The focus of the European Parliament's (EP) actions in the coming years will be on changing the economic model to improve Europe's competitiveness.
Panorama of the European Parliament session in Brussels, Belgium on April 10, 2024. |
Europe’s five-year mission must be one of “radical change,” in the words of Mario Draghi, former president of the European Central Bank (ECB). Three themes will dominate the agenda: changing the economic model to improve Europe’s competitiveness; accelerating and strengthening the European defense industry; and expanding efforts.
Perfecting the economic model
Improving competitiveness is essential. Any European strategy must rest on three pillars: completing the single energy market to ensure competitively priced, zero-carbon generation options; protecting the European market from falling into isolationism; increasing investment in infrastructure and research and development (R&D), and ensuring that European businesses have access to private finance.
Defense industry organization
The second priority is to reorganize the European defense industry. Over the years, efforts to create a European defense community have suffered many setbacks. One of the many consequences of the post-Cold War “peace dividend” has been low defense investment. The result has been a fragmented defense industry. This is evident in the EU’s difficulties in providing military aid to Ukraine. The EU is still struggling to provide the weapons and ammunition that the Ukrainians need, and European production is neither sufficient nor adequate.
To be clear, this is not about building a common army. European militaries already cooperate within the framework of the North Atlantic Treaty Organization (NATO) and many joint operations. But the issue is about expanding military equipment production capacity. Companies across the EU must work together to fill orders and coordinate the equipment of regional militaries, allowing for better and faster responses to threats.
Question about block expansion
Finally, there is the question of what reforms are needed to ensure that future enlargements take place in the best possible conditions.
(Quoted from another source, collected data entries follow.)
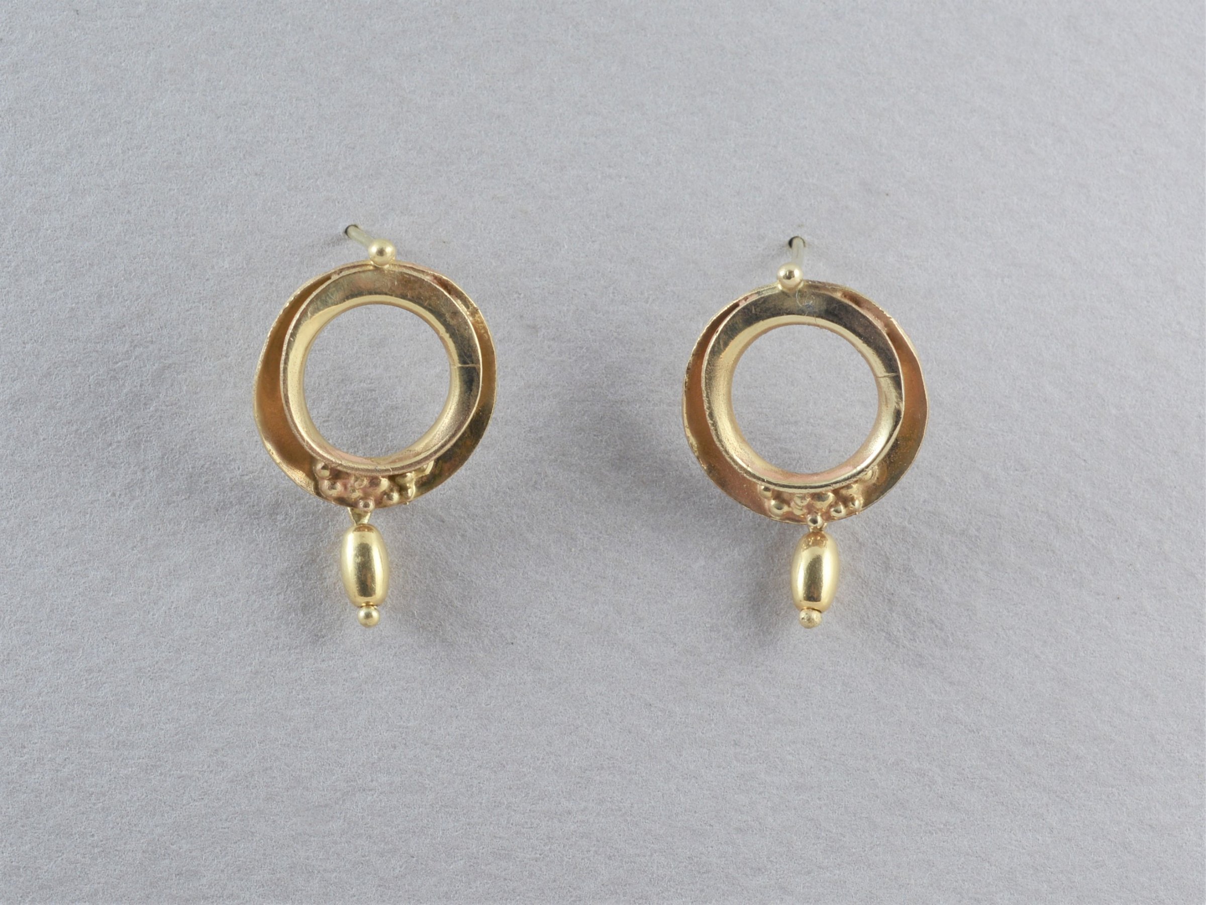 עגילי זהב 14 קראט צמודים עם חרוז תלוי
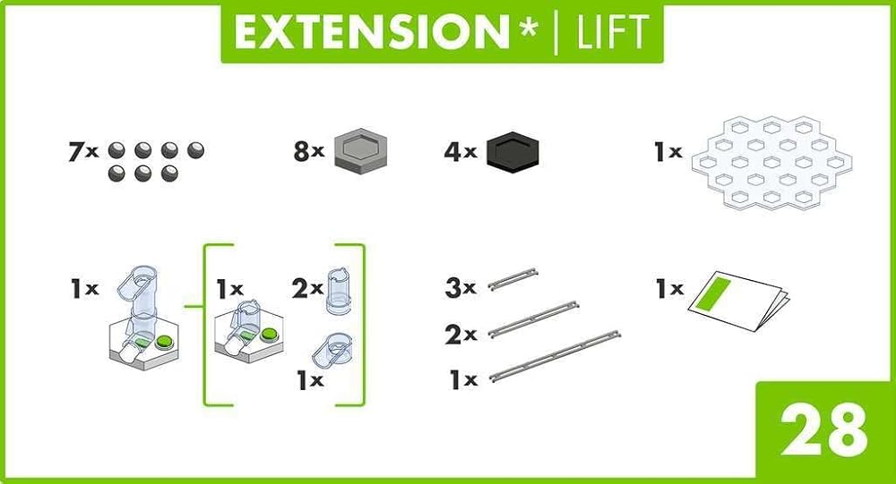 Included is 1 Lifter, 1 clear level, 8 large height tiles, 4 small height tiles, 1 long track, 2 medium tracks, 3 short tracks, 7 metal marbles and instructions.
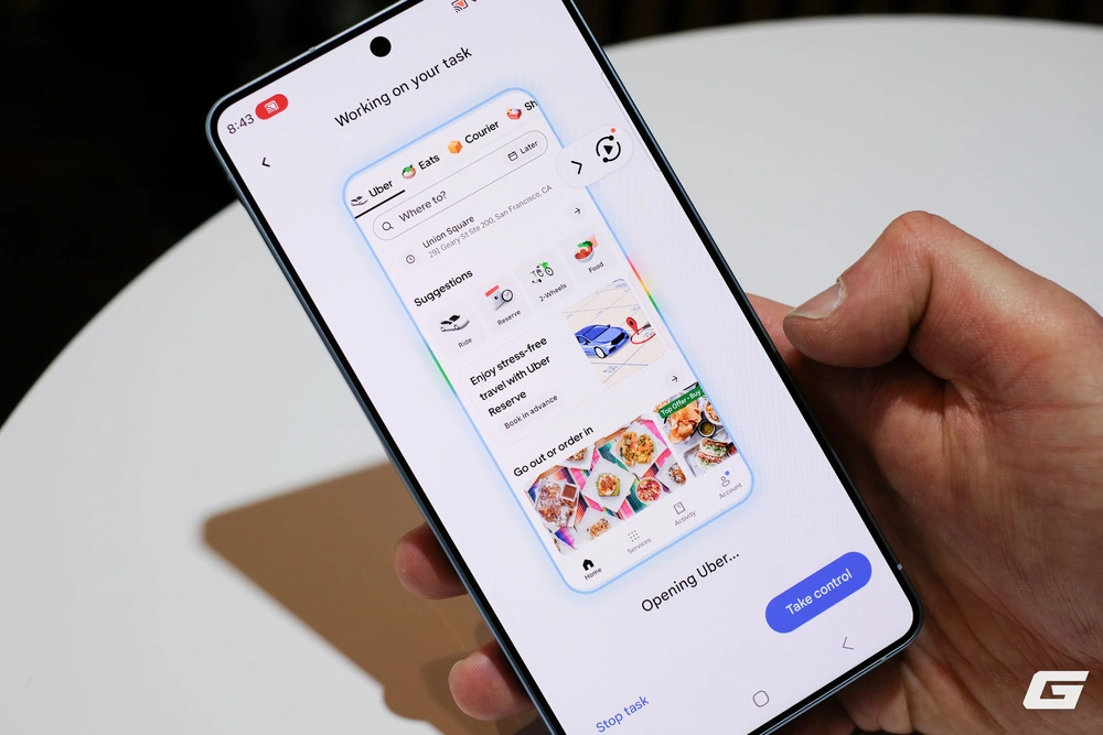 Thử nghiệm "Agentic AI" trên Galaxy S26 Ultra: chỉ cần 1 câu lệnh "gọi Uber tới sân bay SFO", Gemini sẽ mở ứng dụng Uber và đặt xe tới địa điểm mà người dùng chọn. Quá trình này hoạt động hoàn toàn trong nền (background), nhưng người dùng có thể xem AI làm việc và can thiệp bất cứ lúc nào.
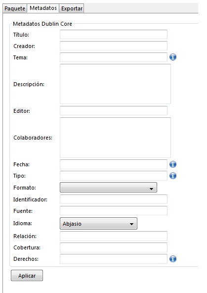 Esta subpestaña permite introducir los datos requeridos por Dublin Core. Dublin Core es un estándar de metadatos para recursos en bibliotecas que ofrece "información sobre la información".
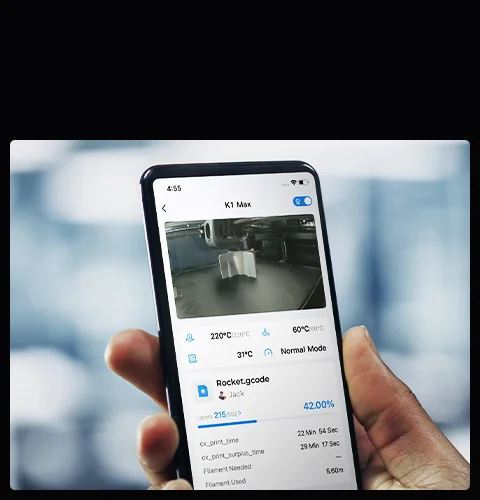 Once K1 Max is connected via WiFi or RJ45 Ethernet port to the LAN or Internet, you can monitor and control the printing from a PC or phone with Creality Print software or Creality Cloud. Even better, when many K1 Max printers are online, they can be easily clustered or grouped for volume production.
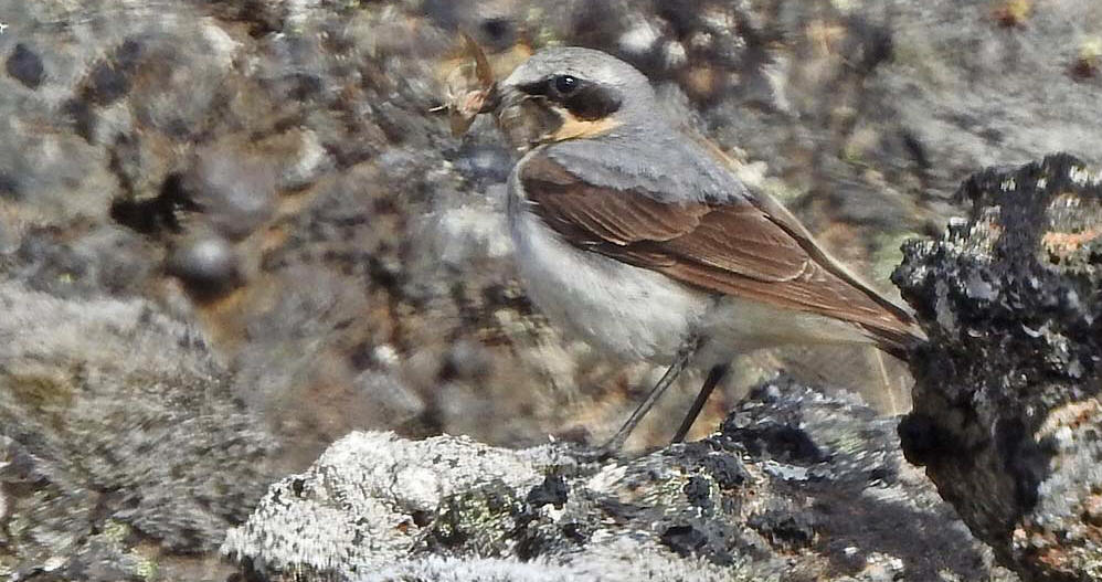Northern Wheatears. This individual is carrying food. Hveravellir on
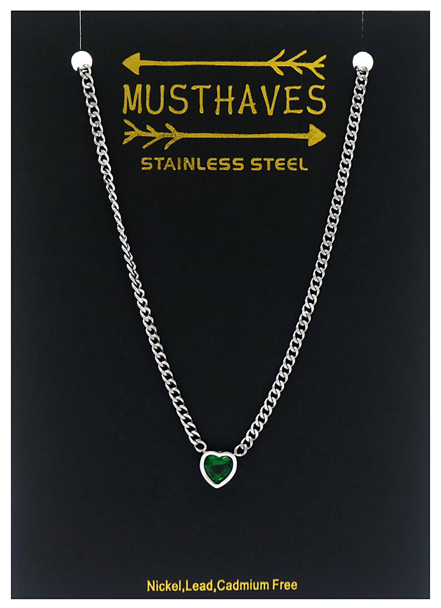 Deze ketting heeft schakels van 3 mm en een hart met groen kristal in het midden, de ketting zelf is van stainless steel, blijft dus mooi!
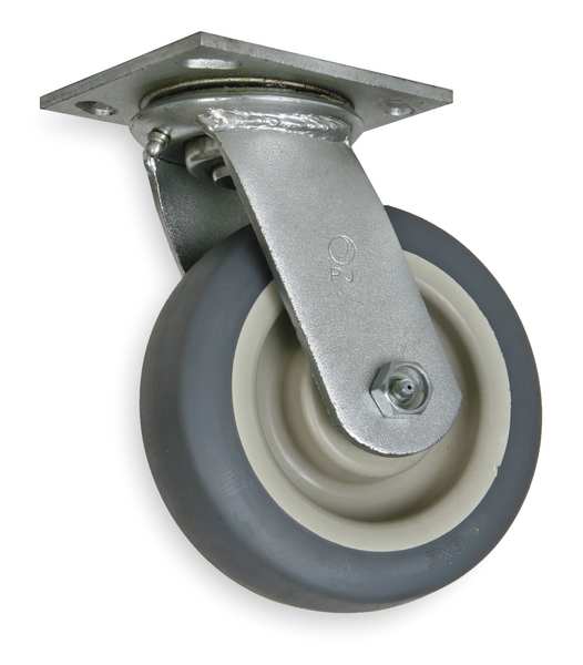 Swivel Plate Caster, Therm Rubber, 6 in, 450 lb, Gry

Access to neighbouring countries is key if the threat of instability at the borders is to be eliminated. But such security comes at a price – it means changes to the EU budget and the way the bloc is governed.
The single market must remain on common ground. The UK’s experience since Brexit clearly shows that harmonised rules for European trade provide the simplest framework and provide the greatest support for EU businesses and the jobs they support. The reforms proposed in Draghi’s forthcoming report on European competitiveness, and Enrico Letta’s on the future of the single market, will help to improve this.
However, it is not possible to do everything as a bloc of 35 states. The European defense industry is a case in point, concentrated in six countries, and the UK (no longer an EU member) is also a major player. So it makes sense for these countries to work together. It is possible to imagine different groups of countries working together in the same way, for example in the field of quantum computing.
The current European budget cannot achieve a range of ambitious goals, from rebuilding Ukraine to deploying low-carbon energy, plus implementing a real industrial policy and investing in artificial intelligence (AI).
There are currently three levers available to secure greater funding: Private finance; public-private partnerships; and increased EU resources (increased by a digital services tax, customs duties on products that do not meet EU standards, and perhaps more widespread loans for clearly defined projects that will pay for themselves in the medium term).
The future of the EU depends on its ability to address these challenges.